Materials and Methods

Patient treatment and clinical specimens

The patient had a clinical diagnosis with pathological diagnosis as adenocarcinoma of the lung cancer, and met the indications for HELC treatment, signed the informed consent form, and this experiment was approved by the Ethics Committee Board of Shandong Baofa Cancer Institute (TMBF 0010, 2015) for therapy and participation in the study prior to either commencing, and also, all method for experiments were performed in accordance with relevant guidelines and regulations.

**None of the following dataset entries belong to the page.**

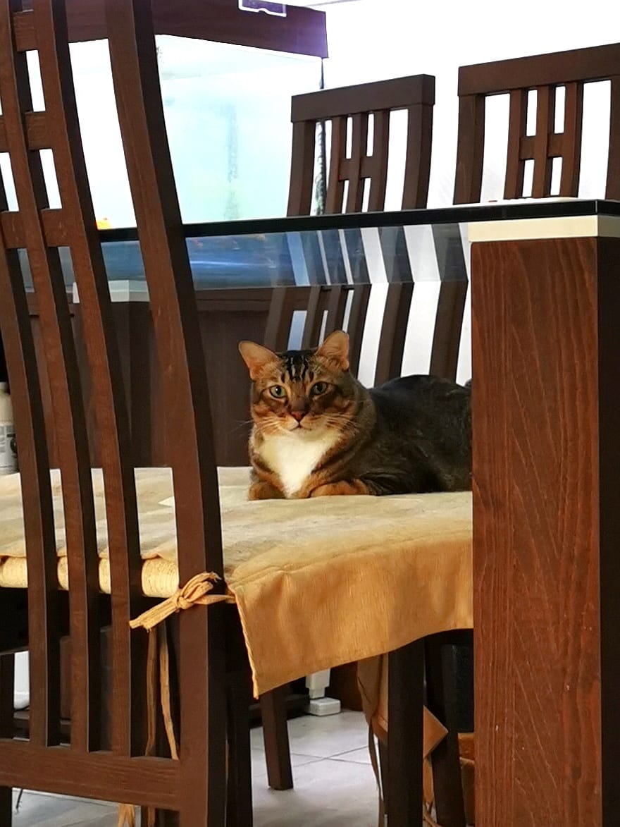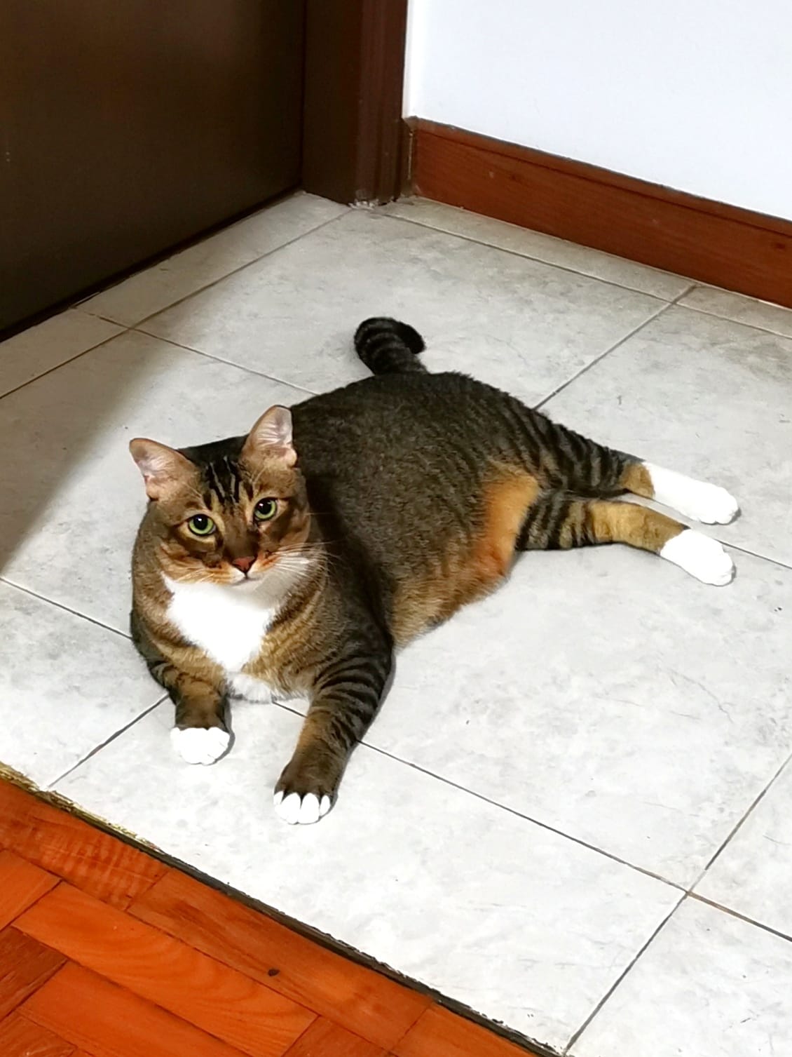 This cat sit like a dog. From a fearless of human cat, I can sayang him and kiss him now. But any moment he feel that I’m going to catch him (he once got flu n I got to medi him) he will run away from me.
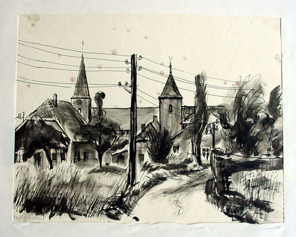 Tekening op papier met Oost-Indische inkt van Giesbe...
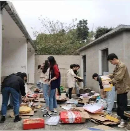 花坛清理和纸箱整理
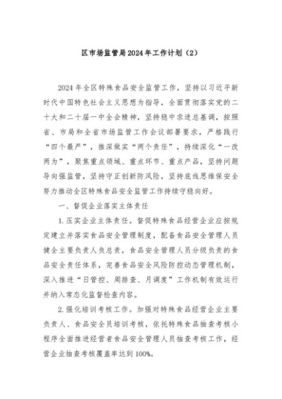 / 【七哥公文】2024年:区市场监管局2024年工作计划(2)+更多免费公文+VX:QiGeGongWen2024
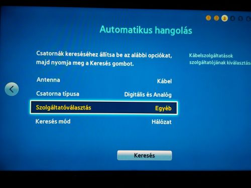 A szolgáltató választás, gondolom FW verzió függő... no mert nekem pl. csak UPC és egyéb jelenik meg, az egyéb után pedig már nincs semmi szolgáltatóval (Digi) kapcsolatos választás, elindul a hangolás. (vagyis még manuálisan meg lehet adni a hangolási paramétereket, de mást nem)
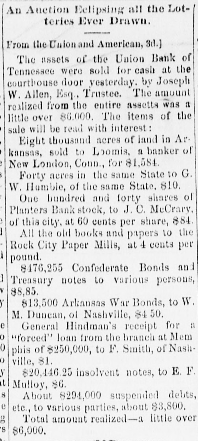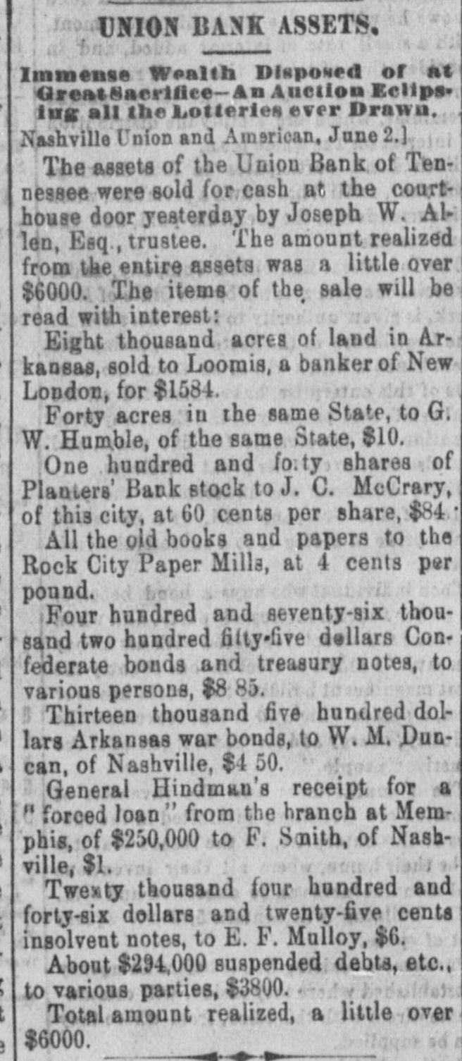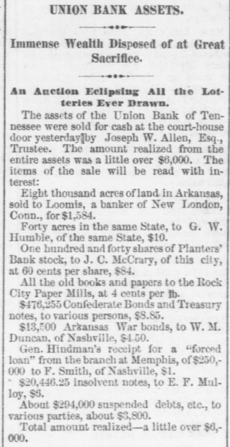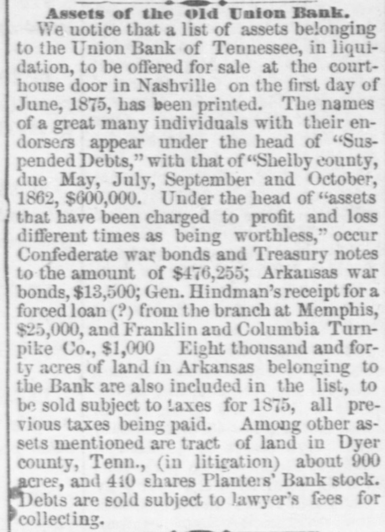 Assets of the Old Union Bank. We uotice that a list of assets belonging to the Union Bank of Tennessee, in liquidation, to be offered for sale at the courthouse door in Nashville on the first day of June, 1875, has been printed. The names of a great many individuals with their endorsers appear under the head of "Suspended Debts," with that of "Shelby county, due May, July, September and October, 1862, $600,000. Under the head of "assets that have been charged to profit and loss different times as being worthless," occur Confederate war bonds and Treasury notes to the amount of $476,255; Arkansas war bonds, $13,500; Gen. Hindman's receipt for a forced loan (?) from the branch at Memphis, $25,000, and Franklin and Columbia Turnpike Co., $1,000 Eight thousand and forty acres of land in Arkansas belonging to the Bank are also included in the list, to be sold subject to taxes for 1875, all previous taxes being paid. Among other assets mentioned are tract of land in Dyer county, Tenn., (in litigation) about 900 acres, and 410 shares Planters' Bank stock. Debts are sold subject to lawyer's fees for collecting.

The treatment was performed at Taimei Cancer Hospital by HELC to the lung tumor site by the spine needle under Computerized Tomography (CT) guiding [4-6]. Surgical biopsy samples were collected from lung tumor on the day before treatment and a second surgical biopsy were performed one weeks later following the first treatment. Once the lung tumor samples were surgically removed, it was immediately stored in sCelLiVE® Tissue Preservation Solution (Singleron) and taken back to the laboratory for further processing. The patient started to have normal dose of PD-1 inhibitor Carrilizumab (Jiangsu Hengrui) therapy, 200mg intravenously twice at day 1 and day 7, at same time another patient without HELC pretreatment also had PD-1 inhibitor Carrilizumab (Jiangsu Hengrui) therapy, 200mg intravenously twice at day 1 and day 7, following to monitoring the response and tumor size by CT.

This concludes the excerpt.